Я проснулся. Я не почувствовал тела, нет. Проснулась голова. Я ощутил только голову. И в этой голове был я. У меня открылся один глаз, я стал слышать, и я не был этому рад………
Мне так захотелось снова вернуться в сон. Не в том смысле, что я видел какой-то чудесный сон, а в том смысле, что уснуть. Так захотелось смалодушничать и позвонить всем-всем, сказать, что я заболел, наврать, и всё-всё отменить. Отменить ВСЁ, а главное не вставать, не зажигать яркий свет, не умываться и не бриться, не надевать носки… и всё остальное, не выходить из квартиры, позвякивая ключами, не гасить перед уходом свет в прихожей, не давить на кнопку с цифрой «1» в лифте, не выходить на улицу, не делать первый утренний холодный вдох, не садиться в твёрдую, холодную машину… и не ехать в аэропорт, чтобы встретить Макса. Макса, который подлетал сейчас к городу и был неотвратим. Но Макса, моего друга Макса, отменить было невозможно. И значит, нужно было делать это ВСЁ!

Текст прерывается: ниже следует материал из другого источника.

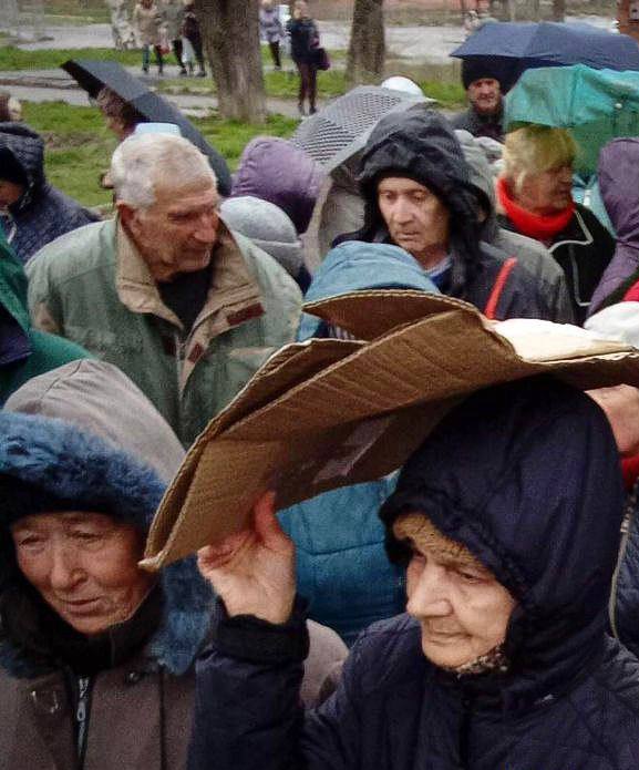 Життя у місті перетворилося на справжнє знущання з людей. Маріупольці досі вимушені отримувати подачки у вигляді гарячої каші та хліба. Проте, щоб отримати навіть це необхідно кілька годин вистояти у черзі. Доведені до відчаю люди терплять таку неповагу. Бо треба виживати….

А Макс был сейчас совершенно некстати. Так некстати, как может быть только старинный друг, который живёт далеко-далеко, которого искренне ждешь, а он приезжает или прилетает… как всегда некстати. И пару дней… вынь да положь – отдай ему. В смысле: отмени все дела, какие бы они там ни были, и приготовься много говорить, смеяться, пить, есть, и ещё пить… и говорить. Спать, конечно, пару суток не получится… Но это всё очень хорошо… просто некстати. Совершенно! И особенно в этот раз… Потому что я влюбился. Сильно! Очень-очень сильно. Так, как этого со мной не было. Никогда!
Так что Максим был НЕКСТАТИ!!!
2
Я ехал в аэропорт долго. Снега было много. Не свежего, а такого, раскисшего, грязного снега. Машин было тоже много. Я медленно двигался по окружной дороге. Впереди то гасли, то зажигались красные огоньки: я тоже давил на тормоз. Постоянно казалось, что в полосе слева движение гораздо быстрее. Справа ползли грузовики, все грязные от слякотных брызг. Я слушал радио.
По радио динамично менялись музыка и новости. Сообщили о какой-то авиакатастрофе, я сделал громче. Погибли все пассажиры и члены экипажа. О причинах трагедии говорить было рано. Не исключали версии террористического акта. Я сразу подумал о Максе. Только вот пропустил информацию о месте крушения самолёта. Ага – Пакистан… Разочарование слегка коснулось меня. Я тут же выругал себя за это. Но выругал так… не искренне, без огонька, не талантливо.
Если бы это был самолёт Макса… Это было бы ужасно… Чёрт возьми – это было бы ужасно. Но… Какое «но»… Ужасно!!!
Но у меня был бы такой настоящий повод быть несчастным. А я был бы по-честному несчастным, если бы это был самолёт Макса. Зато я смог бы отлично пить неделю, исчезать куда-то или пить при всех… И все бы сочувствовали. А главное, я смог бы позвонить Ей, прямо сейчас! И сказать, что в той авиакатастрофе, про которую она, конечно, уже слышала, про которую сейчас говорят все, погиб мой старинный лучший, да и, если быть до конца честным, единственный друг. Он погиб, а я не знаю, что мне делать, и поэтому мне необходимо Её немедленно увидеть. Но Макс не погиб. Он подлетал к городу. Он опять меня подвёл.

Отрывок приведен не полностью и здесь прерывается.